Hace cincuenta años nos deslumbraban otros iconos. Los que catalizaban los sueños de una época. Pongamos Bob Dylan o Janis Joplin. Comparemos sus canciones, sus letras, su discurso -porque lo tenían- con el de Taylor Swift. Comparemos aquella juventud despierta y airada con la feliz conflagración de peluches que hoy llena estadios.
‘The Doors’ toma su nombre de un texto visionario de Aldous Huxley, ‘Las puertas de la percepción’. Dylan puntea su ‘Chimes of Freedom’ con poemas de Allen Ginsberg. Sospecho que para un buen porcentaje de la Swifty Generation su mensaje resultará tan inescrutable como los protocolos de los sabios de Sion.
Camile Paglia imputa a la también conocida como ‘Barbie Swift’ un feminismo sin columna vertebral, paradigma de la América Púrpura, entre roja y azul, los colores de los partidos Demócrata y Republicano, cautamente elusiva en cuanto a su definición política, a la manera de Michael Jordan y su mítico axioma: “los republicanos también compran mis zapatillas”.

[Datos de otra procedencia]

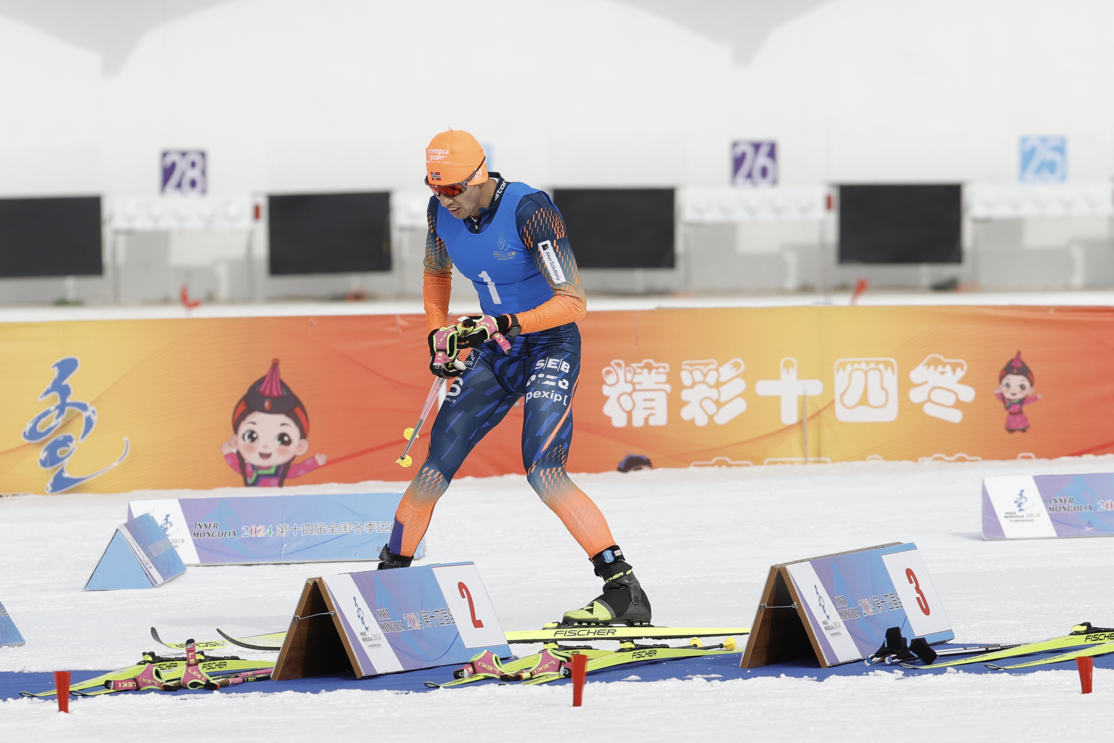重庆队运动员王强身穿1号号码布,正在做出发前准备。华龙网特派记者 石涛 摄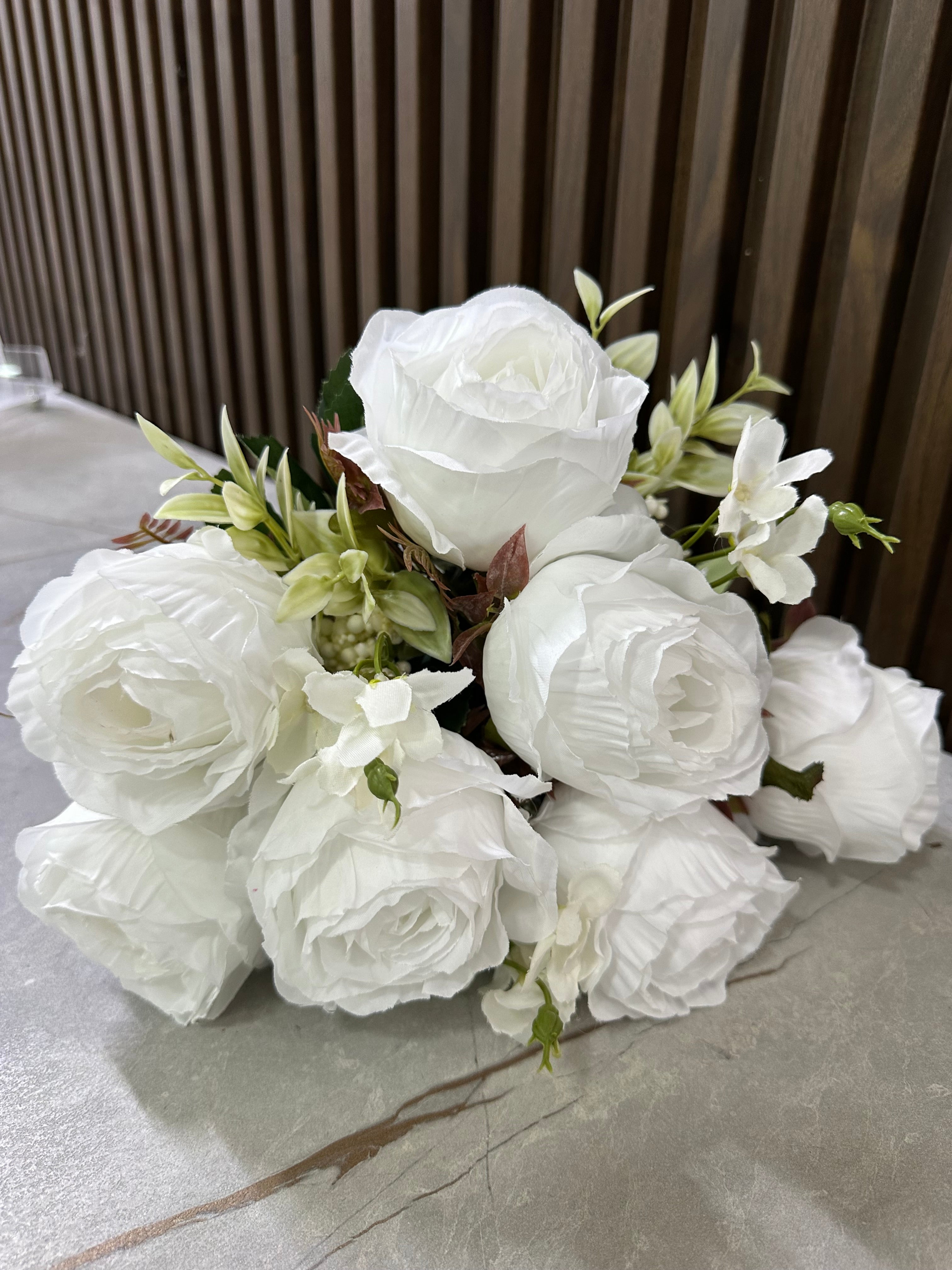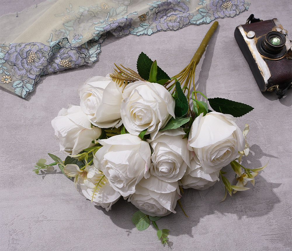 Buqetë artificiale me trëndafila të bardhë, dekor dhe i përjetshëm

Un prodigio de la mercadotecnia global. Una banda sonora que cataliza el vértigo de nuestro tiempo y su obscenidad latente: millones de dólares y de seguidores, el culto al éxito mainstream y la comprensión del mundo propia de un chihuahua. Shake it off. Si somos lo que veneramos, estamos en un lugar equidistante entre la afasia cultural y el coma cerebral. Bienvenida sea la inteligencia artificial. ¿Quién la necesita la otra, si de lo que se trata es de seguir comprando?
Les adelanto un titular para 2050: la Academia Sueca concede dos premios Nobel a Taylor Swift, el de Literatura y el de Economía. El de Física -discúlpenme el anatema- dependerá de su cirujano plástico.